Ordonnance sur les Actifs Virtuels 2025 : Ce que Hong Kong change pour la crypto
mai, 29 2026
Si vous avez cru entendre parler d'une seule loi magique appelée "Ordonnance sur les Actifs Virtuels 2025" à Hong Kong, il est temps de rectifier cette idée. La réalité est plus nuancée, mais aussi plus structurée. En 2025, Hong Kong n'a pas publié un texte unique, mais a mis en place un cadre réglementaire complet divisé en plusieurs volets. Le plus concret ? L'Ordonnance sur les Stablecoins, entrée en vigueur le 1er août 2025. Ce texte vise spécifiquement les émetteurs de stablecoins indexés sur des devises fiduciaires (comme le dollar américain ou le yuan). Pour le reste du marché crypto, c'est une nouvelle ère de licences qui commence, avec des règles strictes imposées par deux régulateurs majeurs : la Commission des valeurs mobilières et des futures (SFC) et l'Autorité monétaire de Hong Kong (HKMA).
Pourquoi est-ce important pour vous ? Que vous soyez un investisseur cherchant à sécuriser vos fonds ou une entreprise voulant s'installer dans ce hub asiatique, comprendre ces changements est crucial. Les règles changent vite, et les erreurs coûtent cher. Voici ce que vous devez vraiment savoir sur ce nouveau paysage réglementaire.
Le cœur du système : L'Ordonnance sur les Stablecoins
C'est la première pierre angulaire posée concrètement en 2025. Avant cette date, le marché des stablecoins fonctionnait dans une zone grise. Maintenant, tout est clair. Si vous émettez un token dont la valeur est liée à une devise réelle (un "fiat-referenced stablecoin"), vous devez obtenir une licence.
L'ordonnance définit précisément ce qu'est un stablecoin :
- Une représentation numérique sécurisée cryptographiquement.

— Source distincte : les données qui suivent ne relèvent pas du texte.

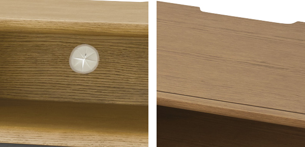 | 配線穴 DVDレコーダーやゲーム機などのAV機器の配線を後ろに通していただけるようになっているので、まとまりにくい配線も片付いた印象になります。 | コードスリット 壁にぴったり付けてもテレビの配線を裏に通すことができます。 |

- Utilisée comme moyen d'échange accepté par le public.
- Capable d'être transférée électroniquement via un registre distribué (blockchain).
- Qui prétend maintenir une valeur stable par rapport à des actifs sous-jacents.
Notez bien les exclusions. Cette loi ne s'applique pas aux tokens de sécurité, aux dépôts bancaires classiques, ni aux monnaies numériques des banques centrales (CBDC). Cela évite les conflits de juridiction. Mais pour les émetteurs de stablecoins grand public, comme USDT ou USDC si ils opèrent localement, la barre est haute. Ils doivent prouver la solidité de leurs réserves et respecter des normes de transparence rigoureuses.
Deux régulateurs, une même mission : SFC et HKMA
Contrairement aux États-Unis où la fragmentation entre la SEC, la CFTC et les régulateurs d'État crée souvent de la confusion, Hong Kong a choisi une approche coordonnée. C'est ce qu'on appelle le modèle à double régulateur.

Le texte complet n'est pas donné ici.